Once praised to the skies as a performer by News Classical Music Critic John Dwyer, then rejected for his performance by one of the greatest figures of the American vanguard, John Cage, Julius Eastman's work has come back to the home of his greatest triumphs to make some local history.
In a sensational bit of Buffalo musical history, his work will be heard as it's never been before on Friday in the Burchfield Penney Art Center.
Beginning at 5:30 p.m. in the Burchfield Rotunda, Eastman's "Buddha" will begin the evening performed by the Sotto Voce Collective. At 6 p.m. the Buffalo Chamber Players will play "Stay On It." In the East Gallery at 7 p.m. the Buffalo Chamber Players and Buffluxus will perform "Gay Guerilla" followed by Renee Levine Packer's talk about her book on Eastman and then percussionist Amy Knoles performing her arrangement of Eastman's "Crazy (N-Word.)"
We don't use that word anymore. It's too ugly for ordinary, everyday journalism. In his prime, Eastman used the word a lot. He used it in the titles to his pieces. The word became commonplace in hip-hop and movies at the time, but not in the concert hall.
The outrageous and fearless provocateur also liked to use another despised word in the titles of his works -- the epithet for male homosexuals. He'd even used the words together. He was making all-out raids on any vestigial delicacy in the sensibility of the concert hall.
Eastman was the most controversial composer ever to live in Buffalo. He was also the most deliberately provocative, so much so that he even inspired angry fury in one of the most legendarily philosophical figures in America's esthetic history, John Cage.
In 1975, Eastman and his friends in Buffalo's S.E.M. Ensemble gave a performance of Cage's "Song Books" in which performers are instructed to do as they wish as long as it fits into the philosophy of Henry David Thoreau. Eastman's version was an overtly suggestive homoerotic stripping of a young man from the audience and a declaration of "a new kind of love." It was a kind of shock theater calling attention to sexual and racial prejudice.

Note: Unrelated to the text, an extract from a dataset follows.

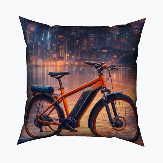 Kwadratowa, wodoodporna poduszka dekoracyjna z pełnym nadrukiem przedstawiającym nowoczesny rower elektryczny na tle nocnej panoramy miasta. Oświetlone wieżowce odbijające się w tafli wody, kontrastujące z dynamiczną sylwetką roweru, tworzą futurystyczną, miejską kompozycję inspirowaną nowoczesną mobilnością i stylem urban lifestyle.

In the most dramatic personal moment I ever covered, composer Cage -- the most pacifistic and non-combative of men -- hit the ceiling over it at a seminar the next day. He furiously confronted the fact that people felt entitled to do anything they pleased in his name.
At that moment, the marginalization of Eastman probably began. He had fully become a "gay guerilla" as one of his pieces called him (as well as the superb book about him by Packer and Mary Jane Leach). He left Buffalo for Manhattan in 1976 and his life and career foundered tragically.
He had become so obscure that when he died in 1990 of a heart attack at the age of 49 in Millard Fillmore Hospital, the first obituary didn't appear until months later in the Village Voice. And then, as posterity sometimes does, it offered Eastman a miracle: the full, unpredictable resurrection of his reputation as a composer, now far greater than it had ever been as a singer. Without his personal provocations, his music -- which was simultaneously uptown and downtown -- came to be heard for the remarkable thing it is.
On Friday, his scores will be exhibited, Packer will lecture and sign copies of the book about him she co-authored and, most importantly, Eastman's music will be heard with all its power, delight and occasional madness intact.